About this task » Working from the top of the listing below, retype each line through the line containing "7月7日消息,复洁环保收盘于", both included, with no pictures.

Data segment »
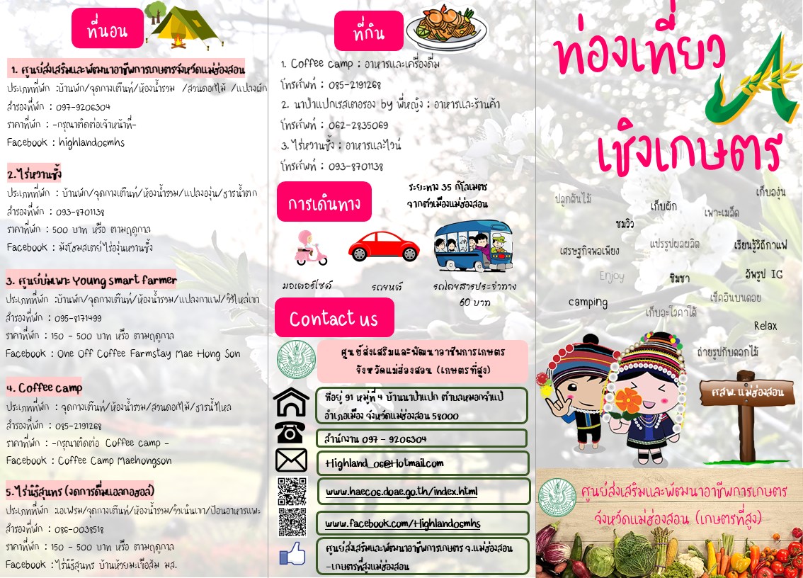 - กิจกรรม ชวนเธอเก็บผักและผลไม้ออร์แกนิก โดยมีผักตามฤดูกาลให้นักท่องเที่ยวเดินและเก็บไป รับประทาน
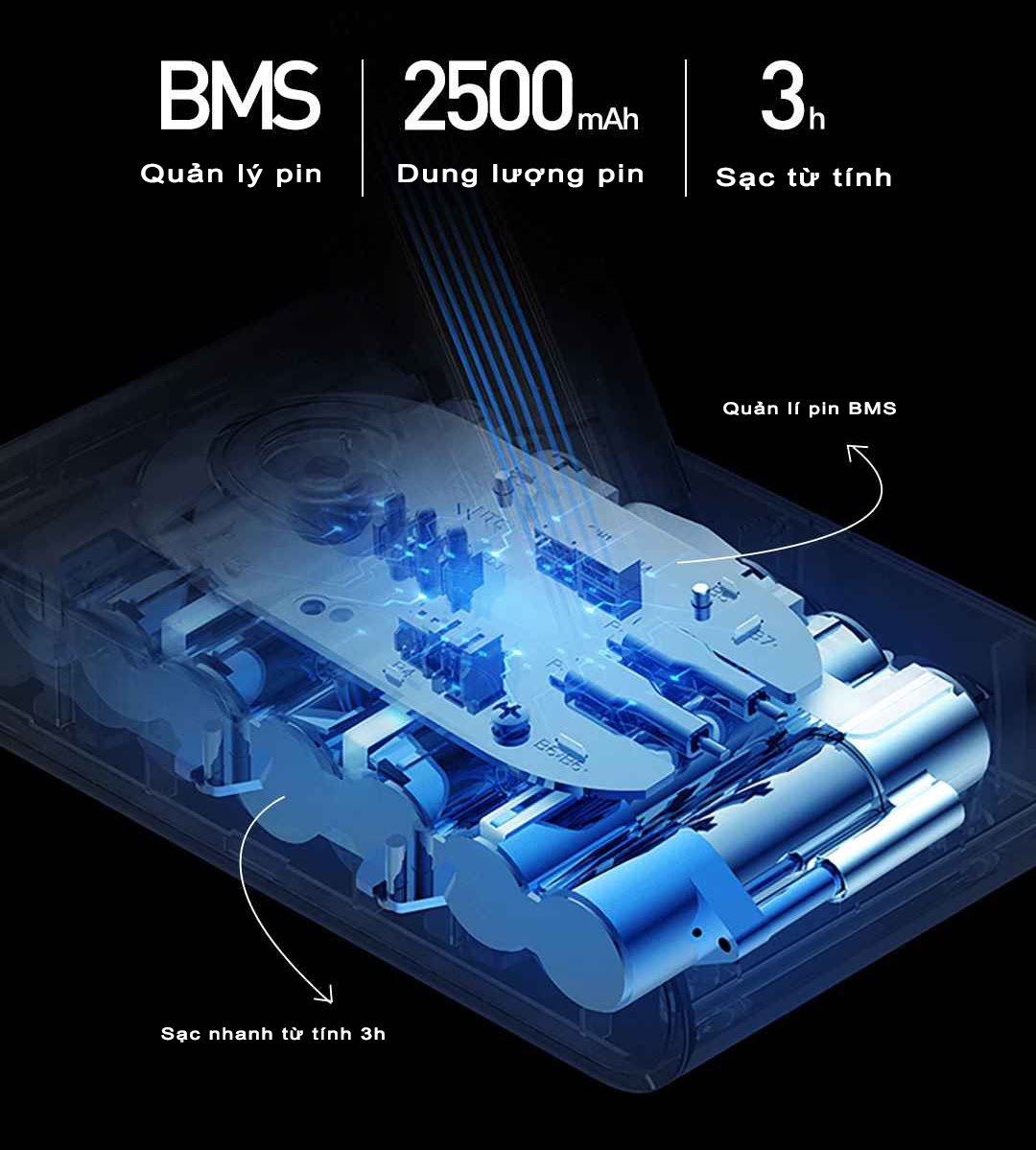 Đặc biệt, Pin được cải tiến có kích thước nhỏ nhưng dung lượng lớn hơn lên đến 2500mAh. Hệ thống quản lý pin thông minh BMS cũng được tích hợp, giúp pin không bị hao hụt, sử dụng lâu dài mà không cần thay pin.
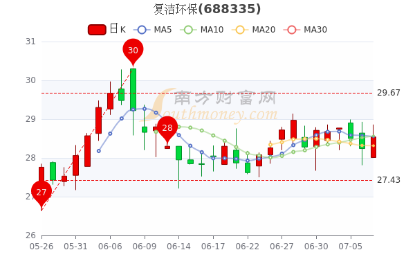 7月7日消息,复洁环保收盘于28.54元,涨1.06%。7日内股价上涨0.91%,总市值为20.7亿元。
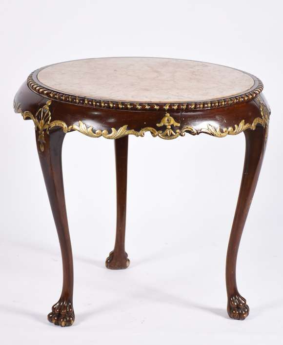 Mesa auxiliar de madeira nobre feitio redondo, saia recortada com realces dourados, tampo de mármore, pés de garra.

Response to the task »
 - กิจกรรม ชวนเธอเก็บผักและผลไม้ออร์แกนิก โดยมีผักตามฤดูกาลให้นักท่องเที่ยวเดินและเก็บไป รับประทาน
 Đặc biệt, Pin được cải tiến có kích thước nhỏ nhưng dung lượng lớn hơn lên đến 2500mAh. Hệ thống quản lý pin thông minh BMS cũng được tích hợp, giúp pin không bị hao hụt, sử dụng lâu dài mà không cần thay pin.
 7月7日消息,复洁环保收盘于28.54元,涨1.06%。7日内股价上涨0.91%,总市值为20.7亿元。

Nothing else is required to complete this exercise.